DATASET ENTRIES Start Marker

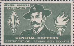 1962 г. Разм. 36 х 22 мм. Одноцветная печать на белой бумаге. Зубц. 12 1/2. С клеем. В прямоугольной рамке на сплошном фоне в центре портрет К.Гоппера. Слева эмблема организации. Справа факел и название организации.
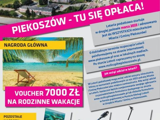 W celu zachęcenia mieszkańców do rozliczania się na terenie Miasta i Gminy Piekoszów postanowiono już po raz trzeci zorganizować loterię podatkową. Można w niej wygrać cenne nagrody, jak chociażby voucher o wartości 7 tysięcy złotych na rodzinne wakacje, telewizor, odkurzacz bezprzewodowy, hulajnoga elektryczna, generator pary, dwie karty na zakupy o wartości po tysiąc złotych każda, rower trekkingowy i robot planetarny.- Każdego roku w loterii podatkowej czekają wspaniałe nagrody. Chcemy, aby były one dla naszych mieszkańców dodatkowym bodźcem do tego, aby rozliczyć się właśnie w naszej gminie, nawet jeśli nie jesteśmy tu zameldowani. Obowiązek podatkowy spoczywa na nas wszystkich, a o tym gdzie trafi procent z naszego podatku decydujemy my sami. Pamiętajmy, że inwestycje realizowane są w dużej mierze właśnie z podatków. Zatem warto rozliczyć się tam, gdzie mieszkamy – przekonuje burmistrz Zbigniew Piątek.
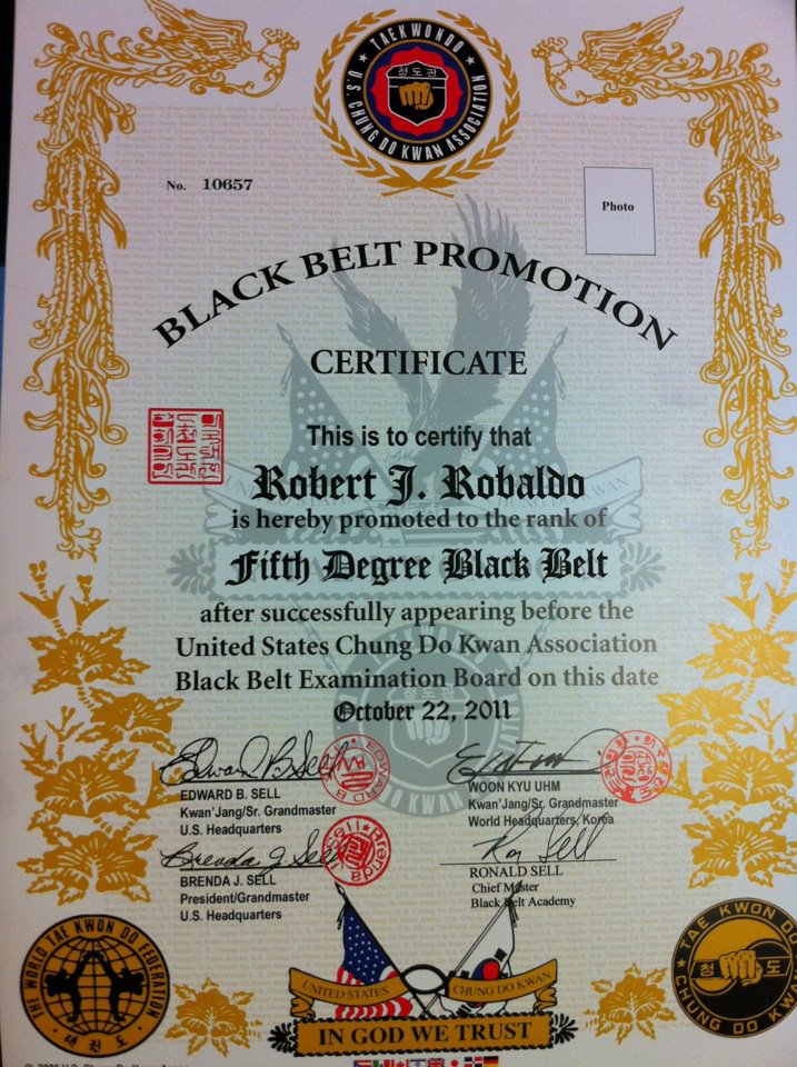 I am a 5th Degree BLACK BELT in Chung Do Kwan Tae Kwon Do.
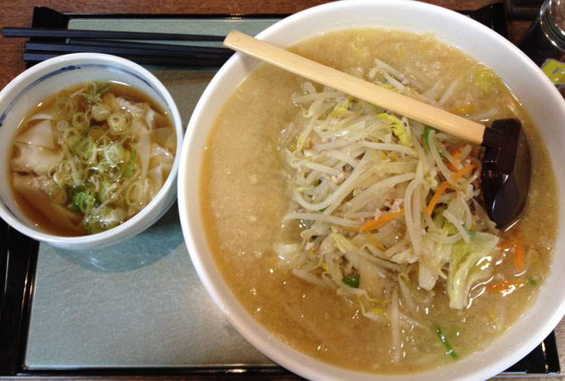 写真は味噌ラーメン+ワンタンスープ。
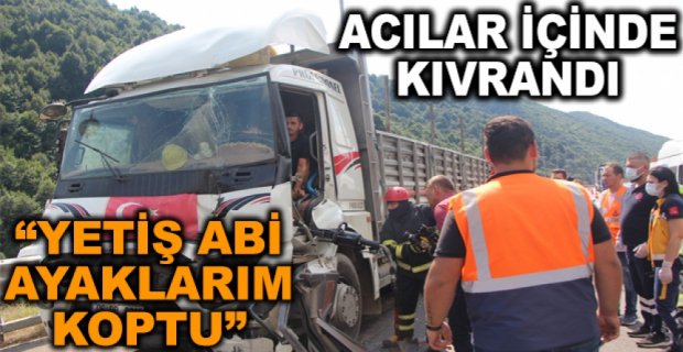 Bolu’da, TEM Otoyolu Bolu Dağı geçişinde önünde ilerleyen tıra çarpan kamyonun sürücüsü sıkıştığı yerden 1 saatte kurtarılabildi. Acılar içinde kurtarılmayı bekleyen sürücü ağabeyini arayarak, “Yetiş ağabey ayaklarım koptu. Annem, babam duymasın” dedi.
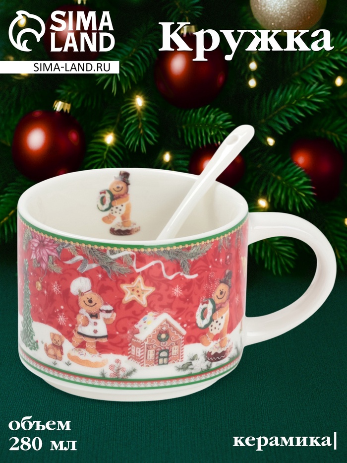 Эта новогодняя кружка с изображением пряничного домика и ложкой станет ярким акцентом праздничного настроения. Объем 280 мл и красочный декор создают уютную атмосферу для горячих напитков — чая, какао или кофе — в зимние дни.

DATASET ENTRIES End Marker
DATASET ENTRIES Start Marker

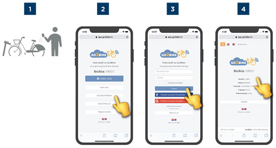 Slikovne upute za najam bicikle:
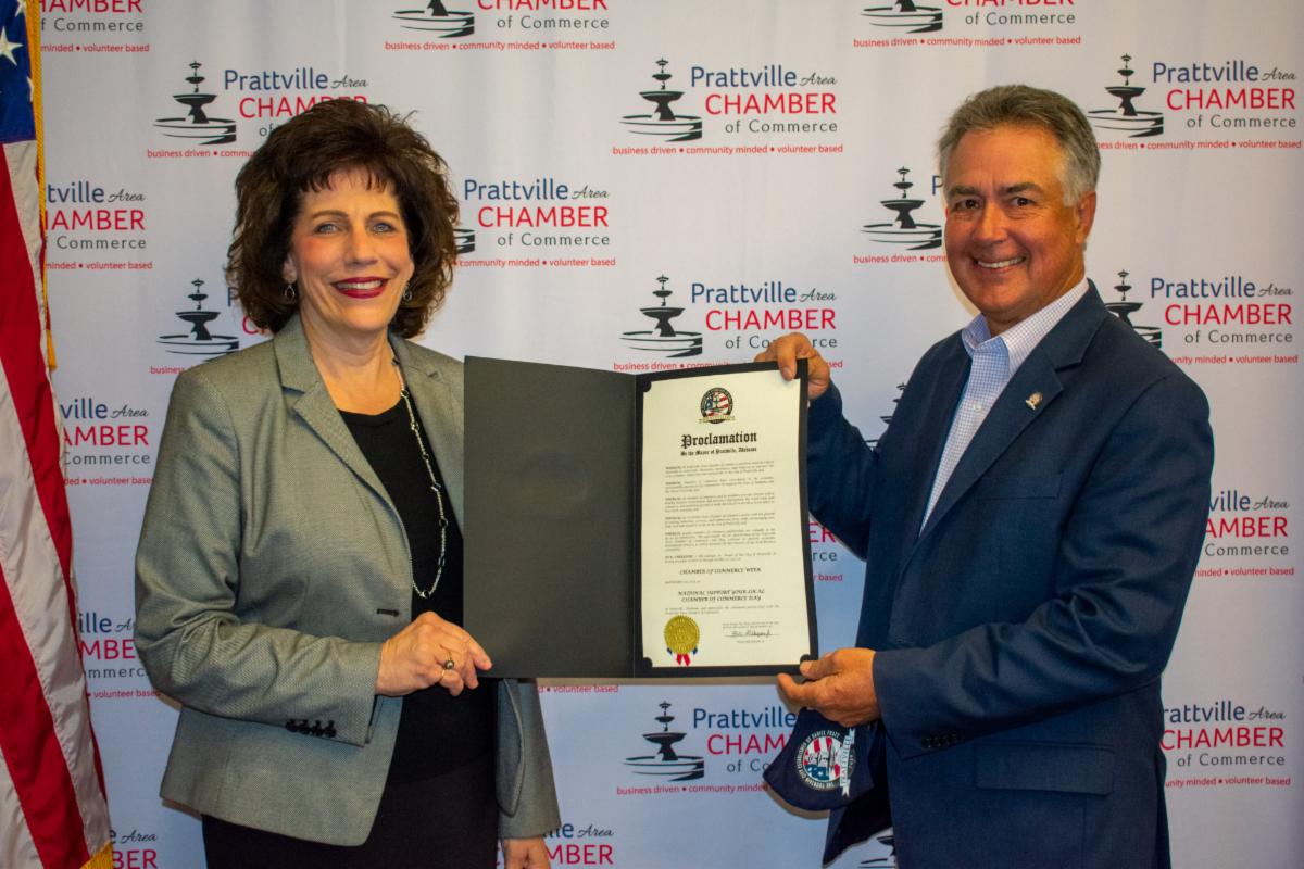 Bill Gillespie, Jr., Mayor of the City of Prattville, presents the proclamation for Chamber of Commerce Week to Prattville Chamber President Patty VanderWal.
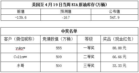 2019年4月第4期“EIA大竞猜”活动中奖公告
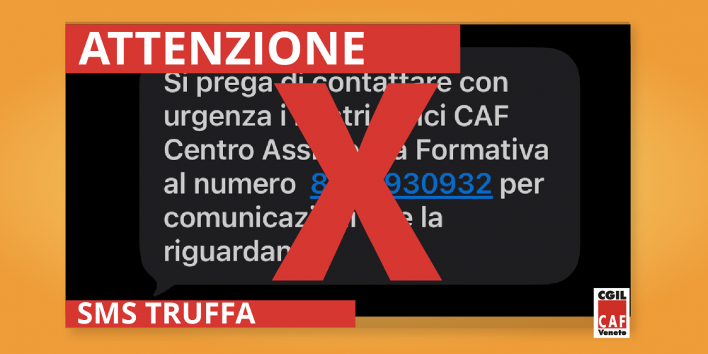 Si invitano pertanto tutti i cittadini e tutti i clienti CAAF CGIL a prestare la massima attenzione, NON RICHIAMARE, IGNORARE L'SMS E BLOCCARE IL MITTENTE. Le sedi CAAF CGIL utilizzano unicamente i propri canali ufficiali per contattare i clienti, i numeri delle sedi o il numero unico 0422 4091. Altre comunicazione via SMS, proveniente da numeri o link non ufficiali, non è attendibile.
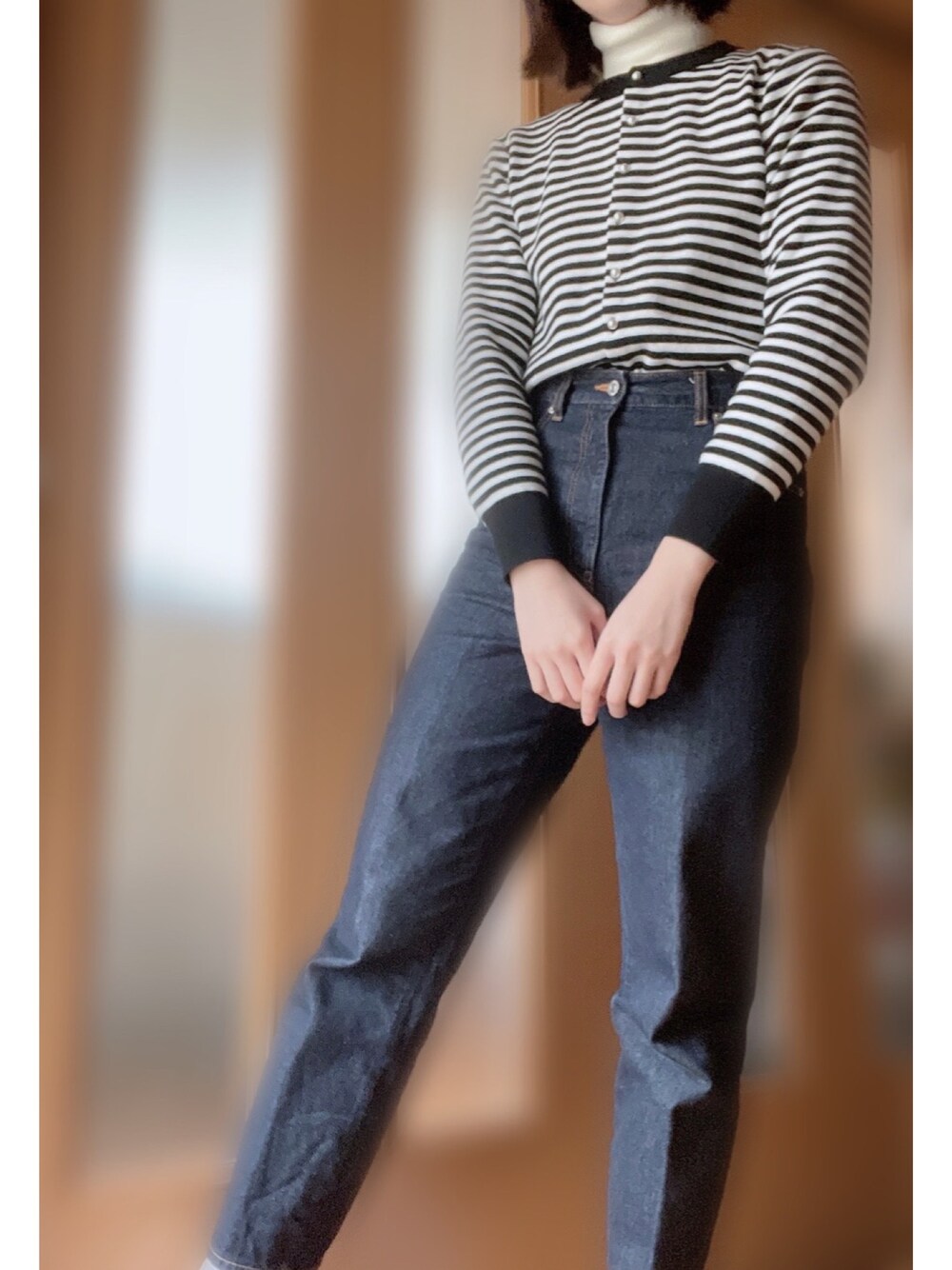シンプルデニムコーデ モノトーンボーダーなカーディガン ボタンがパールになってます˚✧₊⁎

DATASET ENTRIES End Marker
DATASET ENTRIES Start Marker

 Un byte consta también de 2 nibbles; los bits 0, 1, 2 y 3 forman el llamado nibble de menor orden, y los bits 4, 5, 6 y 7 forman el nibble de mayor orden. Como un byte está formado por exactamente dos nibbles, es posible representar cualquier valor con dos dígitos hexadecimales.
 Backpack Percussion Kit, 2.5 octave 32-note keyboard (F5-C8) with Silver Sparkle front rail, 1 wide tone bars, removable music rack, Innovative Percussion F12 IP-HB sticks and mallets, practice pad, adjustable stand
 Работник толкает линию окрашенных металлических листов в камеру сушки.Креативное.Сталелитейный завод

DATASET ENTRIES End Marker

PROBLEM TO WORK ON
The lines above starting at the one that holds "Bill Gillespie, Jr., Mayor" and ending at the one that holds "Si invitano pertanto" are to be written out exactly, ends included, and no pictures are to be copied.

REPLY TO THE EXERCISE
 Bill Gillespie, Jr., Mayor of the City of Prattville, presents the proclamation for Chamber of Commerce Week to Prattville Chamber President Patty VanderWal.
 2019年4月第4期“EIA大竞猜”活动中奖公告
 Si invitano pertanto tutti i cittadini e tutti i clienti CAAF CGIL a prestare la massima attenzione, NON RICHIAMARE, IGNORARE L'SMS E BLOCCARE IL MITTENTE. Le sedi CAAF CGIL utilizzano unicamente i propri canali ufficiali per contattare i clienti, i numeri delle sedi o il numero unico 0422 4091. Altre comunicazione via SMS, proveniente da numeri o link non ufficiali, non è attendibile.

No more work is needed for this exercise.